■ PROVIDED RECORDS
━━━━━━━━━━━━━━━━━━━━━━━━━━━━━━
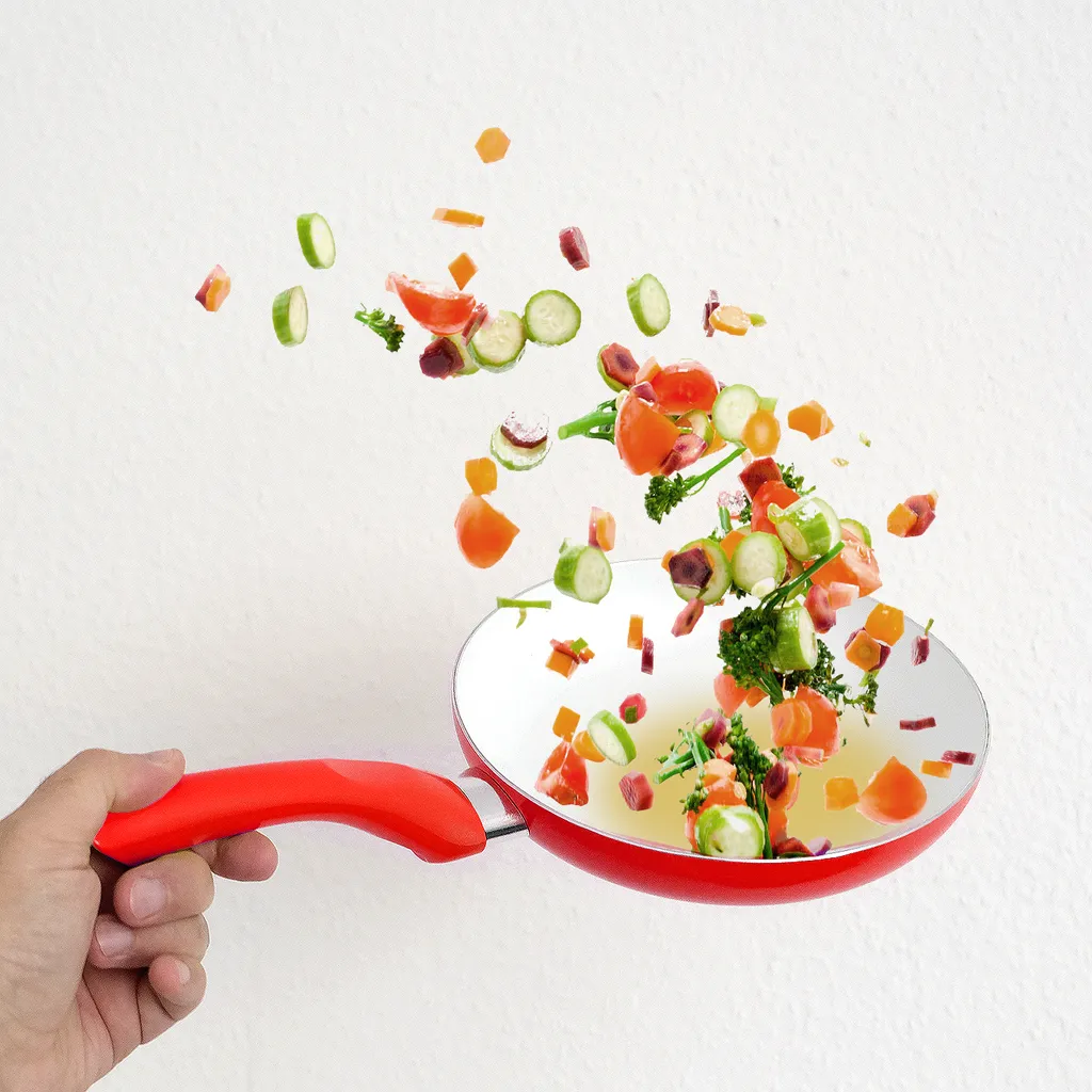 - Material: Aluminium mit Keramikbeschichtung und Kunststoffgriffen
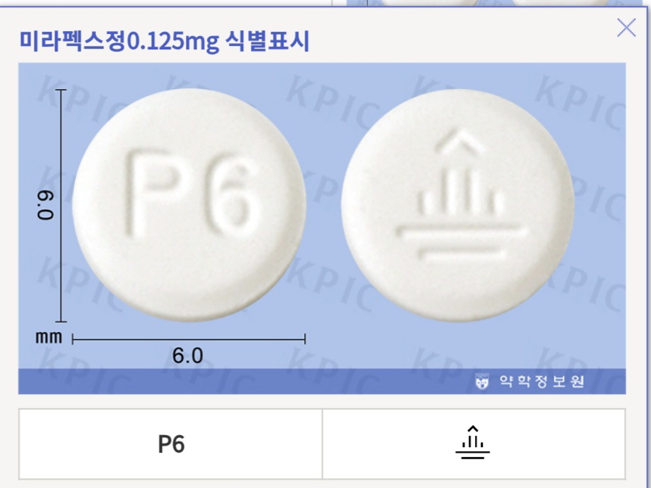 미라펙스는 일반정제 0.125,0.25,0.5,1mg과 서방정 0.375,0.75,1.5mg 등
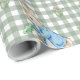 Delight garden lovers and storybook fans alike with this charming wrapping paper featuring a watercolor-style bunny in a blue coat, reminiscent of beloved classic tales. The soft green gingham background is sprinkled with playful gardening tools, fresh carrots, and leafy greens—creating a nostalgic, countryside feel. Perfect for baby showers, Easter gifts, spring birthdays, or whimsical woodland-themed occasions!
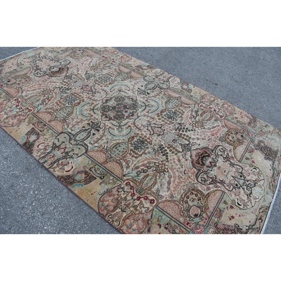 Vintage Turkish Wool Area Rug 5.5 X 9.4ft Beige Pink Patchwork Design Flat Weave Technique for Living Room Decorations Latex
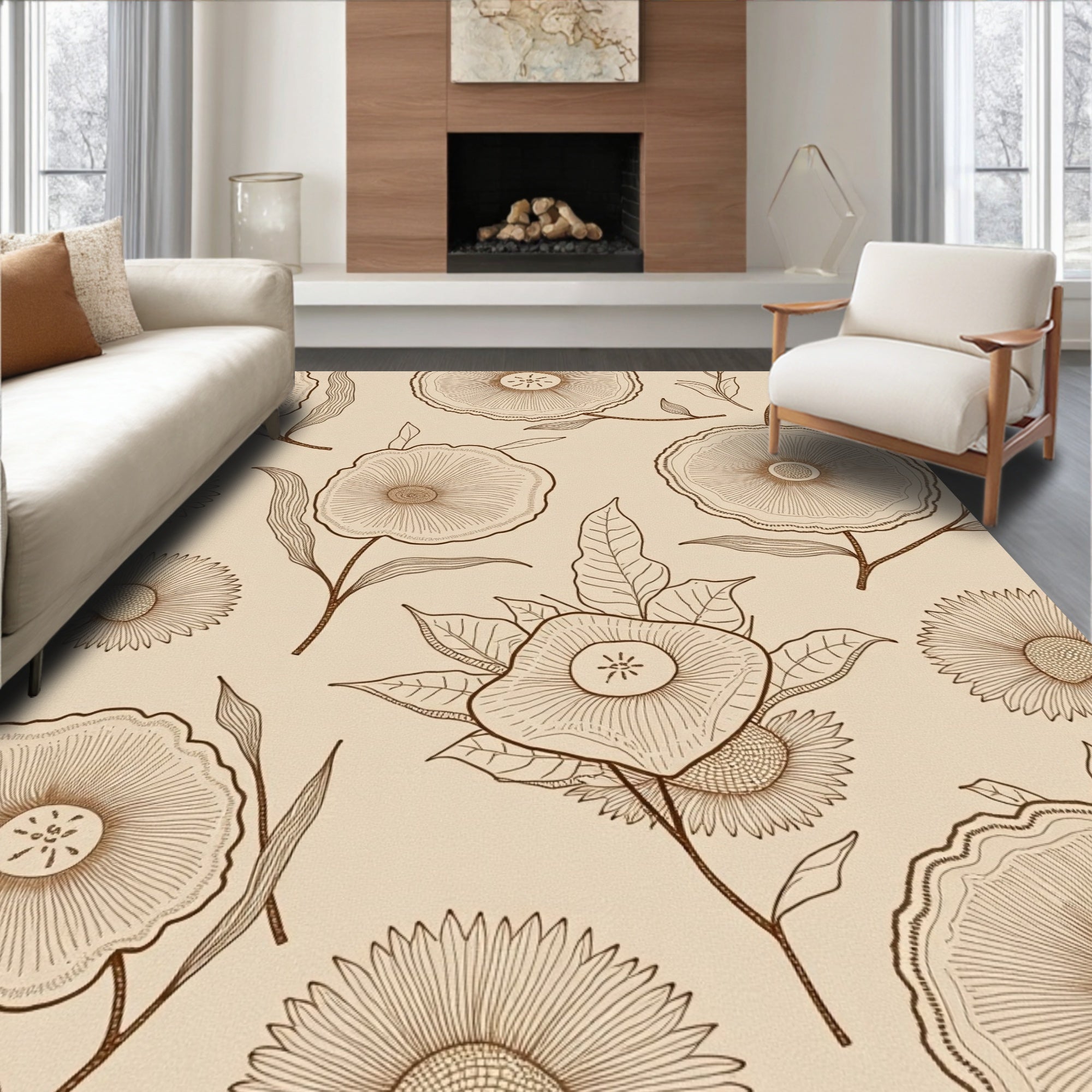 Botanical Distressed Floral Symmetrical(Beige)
━━━━━━━━━━━━━━━━━━━━━━━━━━━━━━
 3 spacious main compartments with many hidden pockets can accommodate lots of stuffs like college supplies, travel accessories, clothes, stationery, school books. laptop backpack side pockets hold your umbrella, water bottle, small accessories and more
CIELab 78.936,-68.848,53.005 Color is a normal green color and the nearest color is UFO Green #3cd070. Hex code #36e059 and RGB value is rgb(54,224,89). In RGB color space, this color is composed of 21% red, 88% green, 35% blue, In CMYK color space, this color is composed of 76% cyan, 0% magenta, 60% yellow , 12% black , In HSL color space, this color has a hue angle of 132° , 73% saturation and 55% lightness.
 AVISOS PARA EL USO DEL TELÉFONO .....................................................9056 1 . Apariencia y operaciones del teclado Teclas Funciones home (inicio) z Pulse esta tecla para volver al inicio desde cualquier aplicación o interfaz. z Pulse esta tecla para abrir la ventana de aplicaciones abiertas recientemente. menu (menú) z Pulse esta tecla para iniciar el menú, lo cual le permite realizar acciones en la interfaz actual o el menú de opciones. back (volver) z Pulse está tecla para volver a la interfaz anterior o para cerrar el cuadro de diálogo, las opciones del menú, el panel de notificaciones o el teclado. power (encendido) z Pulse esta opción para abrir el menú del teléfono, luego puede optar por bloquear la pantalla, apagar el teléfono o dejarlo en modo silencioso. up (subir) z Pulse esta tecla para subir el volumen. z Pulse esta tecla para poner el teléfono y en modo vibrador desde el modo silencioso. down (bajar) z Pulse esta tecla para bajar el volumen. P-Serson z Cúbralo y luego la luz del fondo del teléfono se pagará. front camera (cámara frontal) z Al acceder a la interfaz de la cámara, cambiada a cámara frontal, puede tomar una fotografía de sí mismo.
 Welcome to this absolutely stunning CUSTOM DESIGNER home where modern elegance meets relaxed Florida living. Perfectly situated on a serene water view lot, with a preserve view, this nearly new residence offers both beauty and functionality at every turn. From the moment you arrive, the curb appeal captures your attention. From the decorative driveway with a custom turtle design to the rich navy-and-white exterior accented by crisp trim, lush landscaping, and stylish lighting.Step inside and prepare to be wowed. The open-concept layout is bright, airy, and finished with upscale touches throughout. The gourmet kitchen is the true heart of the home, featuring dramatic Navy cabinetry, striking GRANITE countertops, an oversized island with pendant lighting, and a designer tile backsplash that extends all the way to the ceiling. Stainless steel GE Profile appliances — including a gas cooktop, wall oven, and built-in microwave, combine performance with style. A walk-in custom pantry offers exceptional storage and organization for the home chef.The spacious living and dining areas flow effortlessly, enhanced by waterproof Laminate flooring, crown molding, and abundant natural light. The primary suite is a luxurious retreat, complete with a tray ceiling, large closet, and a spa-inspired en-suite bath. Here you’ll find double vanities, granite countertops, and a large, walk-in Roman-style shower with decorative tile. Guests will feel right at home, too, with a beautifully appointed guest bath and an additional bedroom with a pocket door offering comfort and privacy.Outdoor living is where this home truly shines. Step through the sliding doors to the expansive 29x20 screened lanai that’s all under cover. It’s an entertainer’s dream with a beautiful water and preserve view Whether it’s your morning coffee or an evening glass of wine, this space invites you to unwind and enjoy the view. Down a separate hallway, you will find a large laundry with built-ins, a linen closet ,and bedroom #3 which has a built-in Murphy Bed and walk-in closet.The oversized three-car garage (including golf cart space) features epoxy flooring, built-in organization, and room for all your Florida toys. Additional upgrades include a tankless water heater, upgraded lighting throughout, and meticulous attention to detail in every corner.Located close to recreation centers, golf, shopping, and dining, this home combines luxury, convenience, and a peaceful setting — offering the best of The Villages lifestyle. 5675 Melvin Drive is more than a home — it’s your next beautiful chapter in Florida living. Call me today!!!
━━━━━━━━━━━━━━━━━━━━━━━━━━━━━━
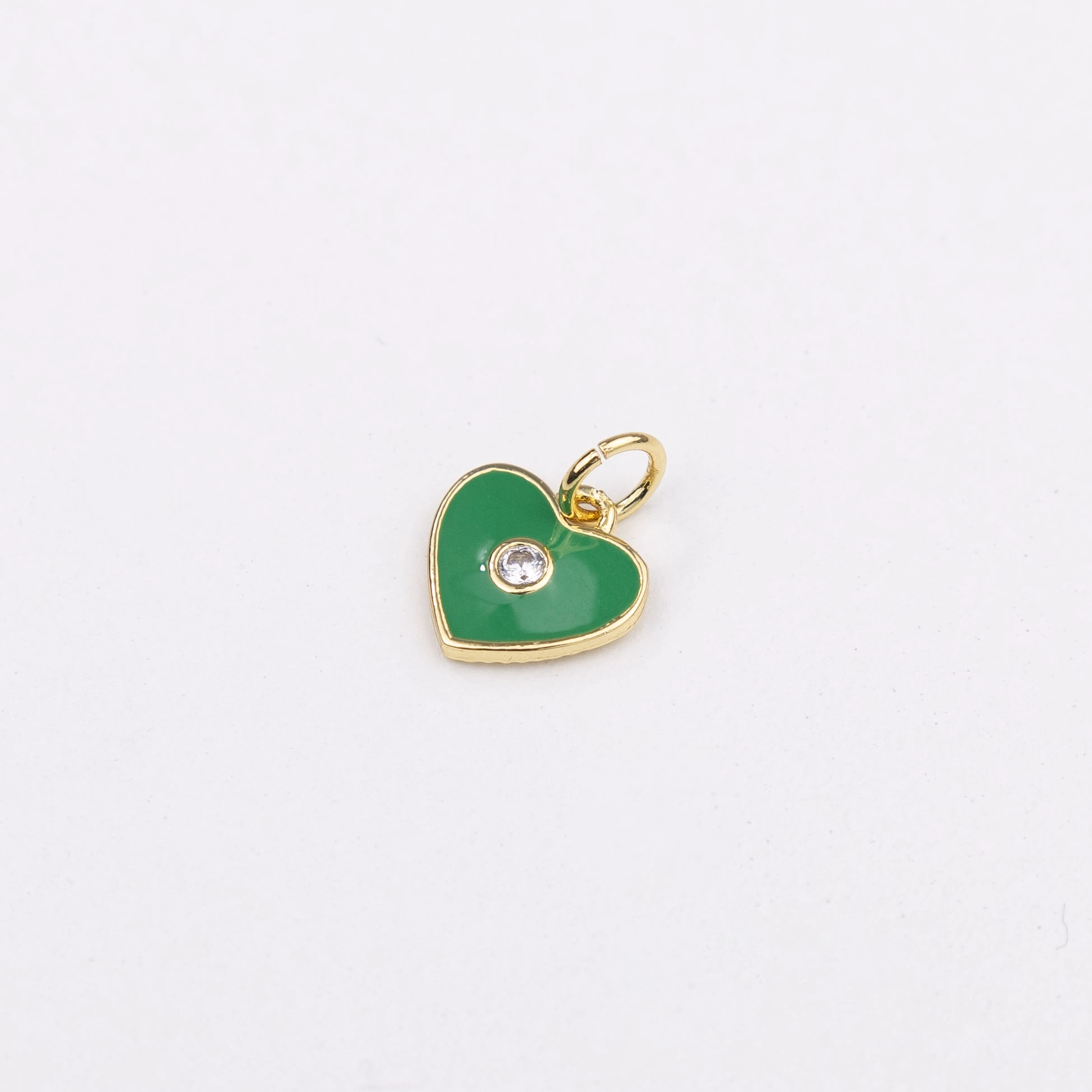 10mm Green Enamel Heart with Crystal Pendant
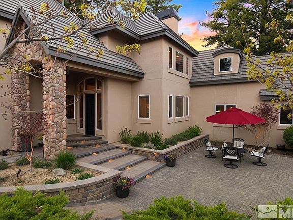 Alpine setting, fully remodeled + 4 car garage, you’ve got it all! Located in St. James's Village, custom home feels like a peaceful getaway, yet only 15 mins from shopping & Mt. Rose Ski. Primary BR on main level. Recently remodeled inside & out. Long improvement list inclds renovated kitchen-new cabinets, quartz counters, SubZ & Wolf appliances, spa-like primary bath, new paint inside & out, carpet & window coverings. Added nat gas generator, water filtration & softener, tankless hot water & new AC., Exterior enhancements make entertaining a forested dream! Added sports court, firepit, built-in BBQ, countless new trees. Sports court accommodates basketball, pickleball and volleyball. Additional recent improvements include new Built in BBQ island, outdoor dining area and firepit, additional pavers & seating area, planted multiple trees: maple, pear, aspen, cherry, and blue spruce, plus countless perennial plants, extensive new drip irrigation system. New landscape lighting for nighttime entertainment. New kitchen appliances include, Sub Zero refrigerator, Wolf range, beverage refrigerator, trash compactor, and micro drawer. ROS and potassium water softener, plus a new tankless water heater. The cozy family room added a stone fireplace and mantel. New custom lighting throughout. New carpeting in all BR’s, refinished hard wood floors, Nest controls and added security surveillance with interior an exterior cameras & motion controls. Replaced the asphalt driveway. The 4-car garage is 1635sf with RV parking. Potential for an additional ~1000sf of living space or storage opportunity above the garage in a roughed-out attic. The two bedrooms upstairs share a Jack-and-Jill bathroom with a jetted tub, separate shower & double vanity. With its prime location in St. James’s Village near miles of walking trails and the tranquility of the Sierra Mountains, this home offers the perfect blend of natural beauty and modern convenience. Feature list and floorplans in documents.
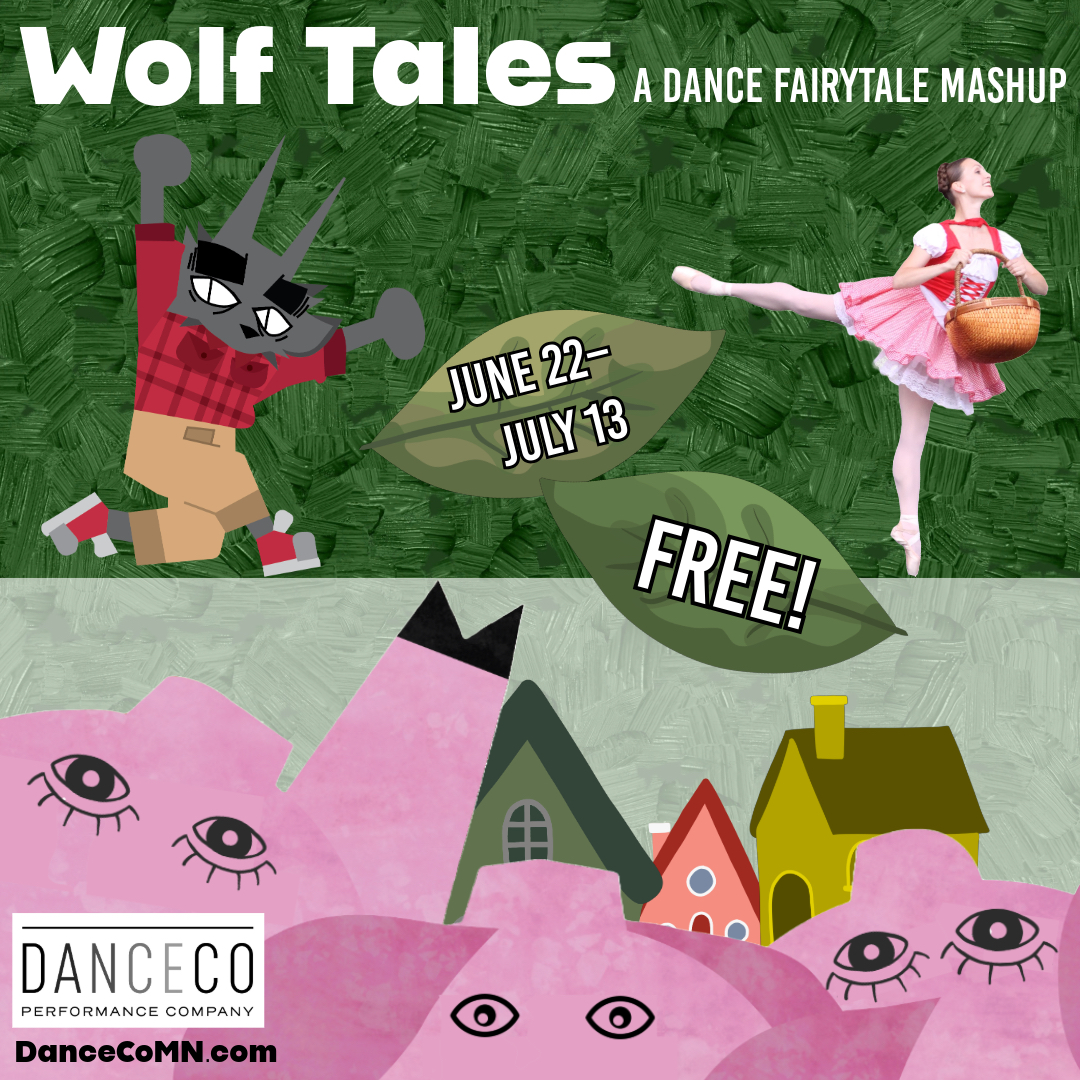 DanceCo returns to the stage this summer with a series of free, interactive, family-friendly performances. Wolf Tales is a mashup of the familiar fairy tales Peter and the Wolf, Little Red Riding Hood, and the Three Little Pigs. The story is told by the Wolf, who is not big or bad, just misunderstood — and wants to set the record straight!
━━━━━━━━━━━━━━━━━━━━━━━━━━━━━━
■ WORK TASK
Of the lines above, copy only those from the one holding "미라펙스는 일반정제 0.125,0.25,0.5,1mg과" to the one holding "Botanical Distressed Floral", both included, and exclude every image.

■ RESULT FOR THIS EXERCISE
 미라펙스는 일반정제 0.125,0.25,0.5,1mg과 서방정 0.375,0.75,1.5mg 등
 Delight garden lovers and storybook fans alike with this charming wrapping paper featuring a watercolor-style bunny in a blue coat, reminiscent of beloved classic tales. The soft green gingham background is sprinkled with playful gardening tools, fresh carrots, and leafy greens—creating a nostalgic, countryside feel. Perfect for baby showers, Easter gifts, spring birthdays, or whimsical woodland-themed occasions!
 Vintage Turkish Wool Area Rug 5.5 X 9.4ft Beige Pink Patchwork Design Flat Weave Technique for Living Room Decorations Latex
 Botanical Distressed Floral Symmetrical(Beige)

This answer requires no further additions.